Good teaching is, and has always been, the heart of Creative Writing at Carolina. One reason the program has flourished so long is its excellent faculty, award-winning teachers who devote themselves to their classes, dedicating considerable time and energy to students and their manuscripts. The number of faculty has grown as the program itself has grown, but quality of teaching has remained its primary emphasis. In 2011, professors who teach Creative Writing include:

Pam Durban

  • The first Doris Betts Distinguished Professor in Creative Writing, Durban has published two novels (most recently So Far Back) and a book of stories. One of her uncollected stories, “Soon,” was selected by John Updike as one of the Best American Short Stories of the Century in 1999.

Marianne Gingher

  • Gingher has published a much-praised novel, Bobby Rex's Greatest Hit (an NBC Movie of the Week in 1992), a collection of stories called Teen Angel and Other Stories of Wayward Love, and a book of essays, A Girl’s Life: Horses, Boys, Weddings, and Luck.

Randall Kenan

  • One of the leading younger African-American writers in the country, Kenan has published four books, including a collection of stories, Let the Dead Bury Their Dead (1992), which won the Lambda Book Award and was nominated for the National Book Critics Circle Award.

Michael McFee

  • McFee—a 1976 graduate of the program—has written seven books of poems (most recently Shinemaster) and edited two anthologies of contemporary North Carolina literature, including The Language They Speak Is Things to Eat: Poems by Fifteen Contemporary North Carolina Poets.

James Seay

  • Author of four books of poems—most recently Open Field, Understory: New and Selected Poems (1997)—and a film, Seay has also received an Award in Literature from the American Academy of Arts and Letters and won the Roanoke-Chowan Prize in Poetry.

Alan Shapiro

  • Shapiro has published seven books of poetry (including The Dead Alive and Busy and Mixed Company), a book of criticism, a translation of The Oresteia, and two memoirs (Vigil and The Last Happy Occasion).
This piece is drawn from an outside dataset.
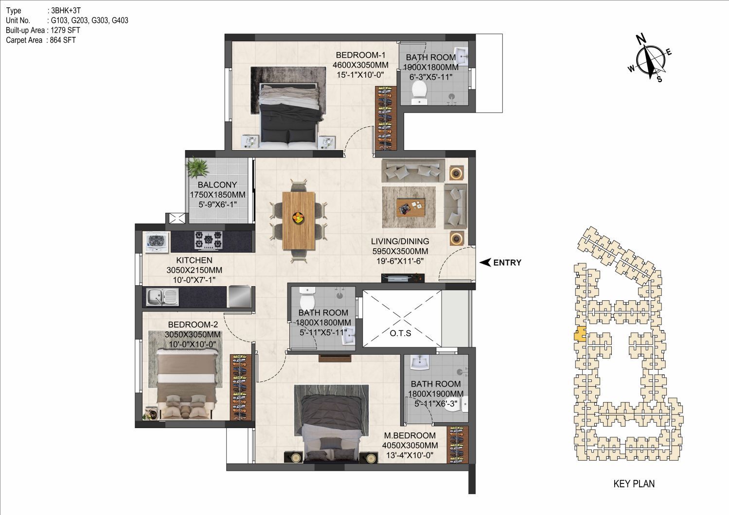| 3 BHK | Regular | 1272 Sqft | ₹3599/Sqft | Sold out |

He was presented the Kingsley Tufts Award, a prestigious national prize, in 2001.

Bland Simpson

  • Author of two novels and four books of creative non-fiction, among them The Great Dismal: A Carolinian’s Swamp Memoir and Into the Sound Country, Simpson is also a member of the Tony-award-winning musical group The Red Clay Ramblers, with experience on Broadway and in films.

Daniel Wallace

  • Wallace has published four novels, including Big Fish (1998), Ray in Reverse (2000), The Watermelon King (2003) and most recently Mr. Sebastian and the Negro Magician (2007). Big Fish was made into a motion picture of the same name by Tim Burton in 2003, a film in which the author plays the part of a professor at Auburn.
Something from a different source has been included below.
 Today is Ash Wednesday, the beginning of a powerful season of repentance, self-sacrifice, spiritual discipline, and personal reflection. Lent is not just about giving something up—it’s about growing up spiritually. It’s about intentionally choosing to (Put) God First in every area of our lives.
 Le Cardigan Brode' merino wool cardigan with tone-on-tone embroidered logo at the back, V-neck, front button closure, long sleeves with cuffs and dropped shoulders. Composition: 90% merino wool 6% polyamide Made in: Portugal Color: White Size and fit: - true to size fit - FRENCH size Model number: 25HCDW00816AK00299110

Michael Chitwood (Lecturer)

  • Michael Chitwood has published seven books of poetry, two of which won North Carolina’s Roanoke-Chowan Prize, and two collections of prose that include radio essays written for NPR affiliate WUNC. His work has appeared in The Atlantic Monthly, The New Republic, Threepenny Review, Poetry, The Southern Review, TriQuarterly and numerous other national journals.
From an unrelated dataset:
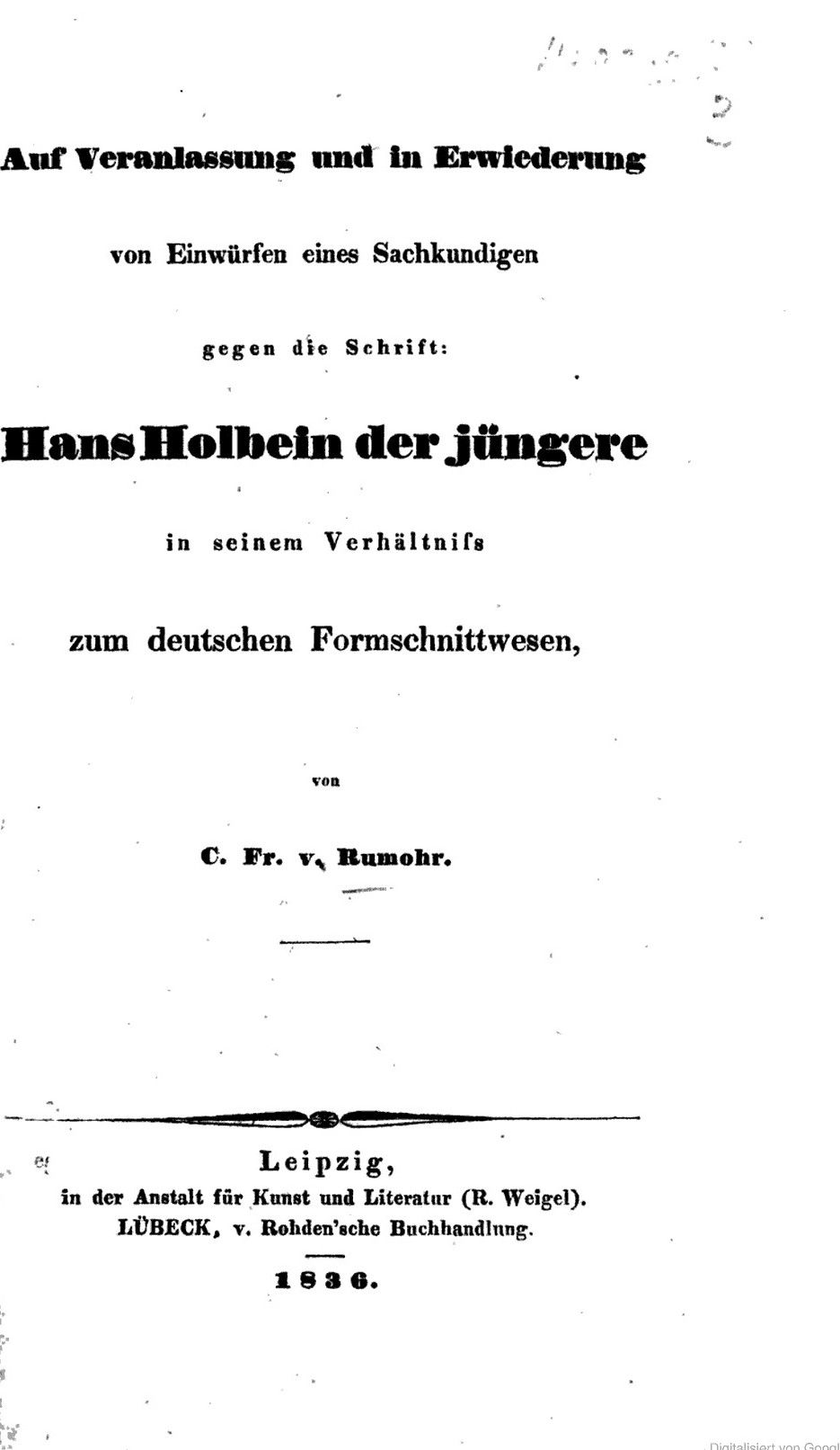 Herr Dr. Waagen und Herr von Rumohr als Kunstkenner. In Antwort auf die Schrift des Herrn Dr. Waagen gegen Hirt.1832 BT: 7417

Lawrence Naumoff (Lecturer)

  • Lawrence Naumoff is the author of 7 novels, including Taller Women: A Cautionary Tale, which was a NYTimes Notable Book of the Year. His books have been published in England and, in translation, throughout Europe. He is the winner of many awards, including the Whiting Foundation Writer's Award and a National Endowment for the Arts Discovery Award. He joined the Creative Writing faculty in the year 2000.

Long-time lecturer Daphne Athas, author of the novel Entering Ephesus and many other books, and a legendary teacher of fiction-writing and stylistics at Carolina, retired in 2009 after 40 years of service in the classroom.  And lecturer Ruth Moose -- who taught at UNC for 15 years, specializing in Writing Children's Literature and Writing Young Adult Literature -- retired at the end of the 2010-2011 academic year.

Beginning with the academic year 2000-2001, a generous donation made possible the Kenan Writer-in-Residence program, designed to bring to campus an up-and-coming writer of poetry, fiction, or creative non-fiction who has only published one book. This writer will teach one course a semester and work on a second book. The Kenan Writers to date have been poets Christine Garren, Daniel Anderson, Thorpe Moeckel, David Roderick, and Wilmer Mills; creative non-fiction writers Virginia Holman and Joni Tevis; and fiction-writers June Spence, Nick Pizzolatto, and Lori Ostlund.  The Kenan Writer-in-Residence position alternates between poetry and prose writers:  the Creative Writing Program will next be looking for a poet, to begin teaching in Fall 2012, and we will advertise that position in the AWP Job List starting in late 2011.